In the first part of this post, we explained how neuropathy is, in layperson’s terms, a form of nerve damage. As we discussed, it is a common condition, yet one that is not very well understood.
The consequences of untreated neuropathy can be severe. They can include loss of the ability to walk, as well as other serious mobility issues. Understandably, such issues greatly affect the ability to work, and so may raise questions about eligibility for Social Security disability insurance (SSDI) benefits.
These mobility issues are often associated with age. Loss of a normal sense of feeling in the feet may lead to a loss of balance – and thus put someone at risk of falls and fractures.
In this part of the post, let’s look at the connection between neuropathy and other serious condition, namely diabetes.

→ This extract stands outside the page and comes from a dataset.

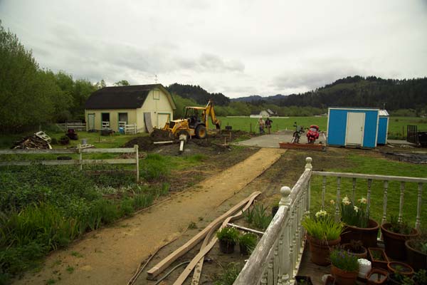 As promised, the crew from DCI Builders showed up this morning to start work on the new garage. Hard to believe that we’re finally proceeding. I think we started this project about 4 years ago. It sure will be nice having the extra space, and having it watertight. I’m really tired of seeing everything rusting away in the garage. We are going to move the existing garage forward, and then add onto the back and sides of it. The back will be a workshop and studio so I can get back to doing woodworking projects, and the side addition will house the motorcylcles and garden equipment. A second door will be added to the existing garage so both the car and the truck can be parked indoors.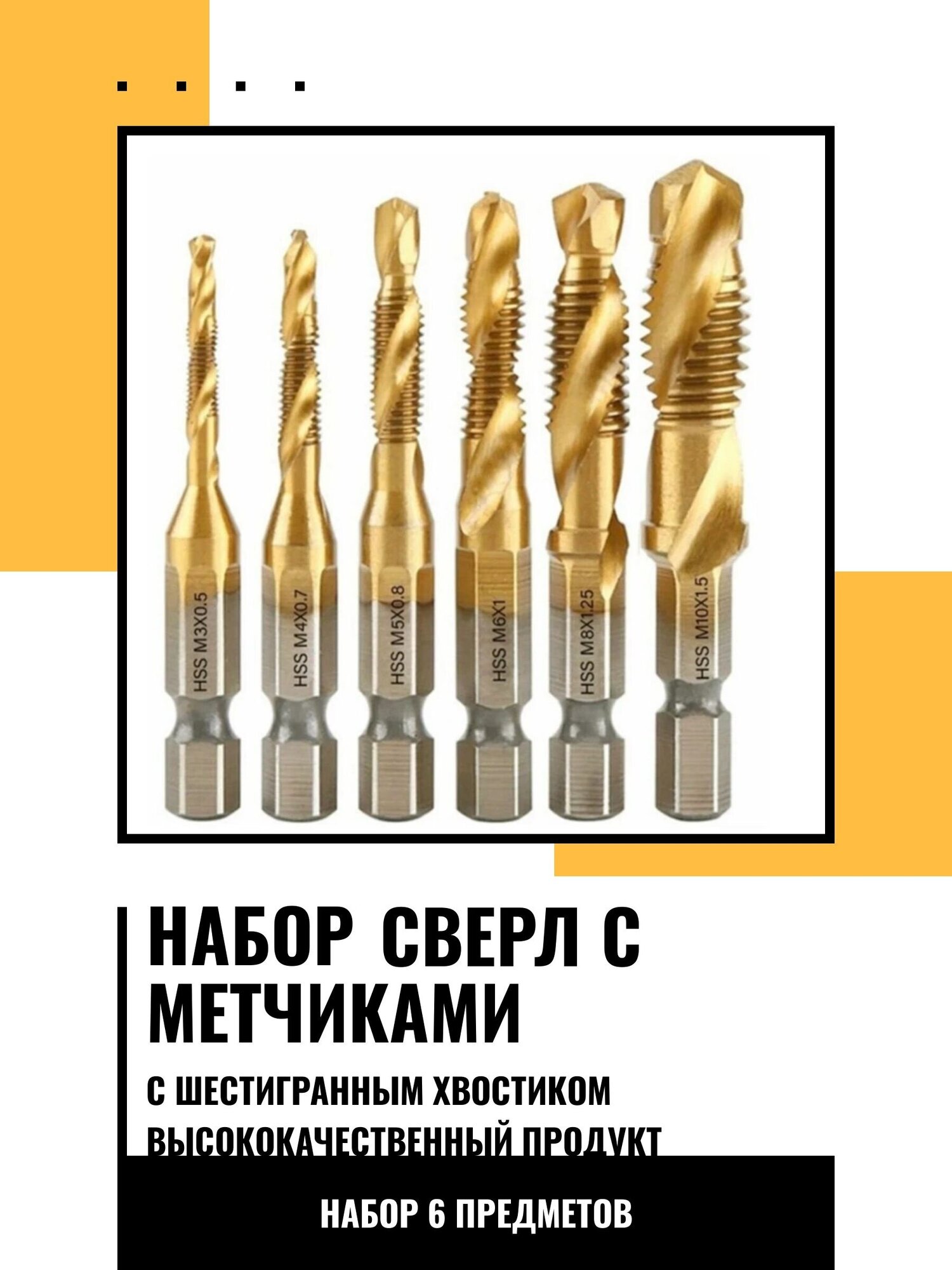 Отзывы на Набор сверл-метчиков с титановым покрытием из быстрорежущей стали, 3-10мм

Neuropathy is not only a serious condition in its own right. It is also often a sign of another underlying disease. Lou Gehrig’s disease is one example of this. Diabetes is another.
The connection between neuropathy and diabetes is particularly prevalent. An estimated one-third of neuropathy cases are among people who are diabetic, according to the Neuropathy Association.
The causal connection between the two conditions is a brutal one. Diabetes harms the ability of blood vessels to supply small nerves located in the extremities of the body, particularly hands and feet.
This damage, in turn, harms the ability of those extremities to transmit sensory information back to the brain properly. The result is a loss of sensation that starts in the toes or fingers but can move on up to knees or arms.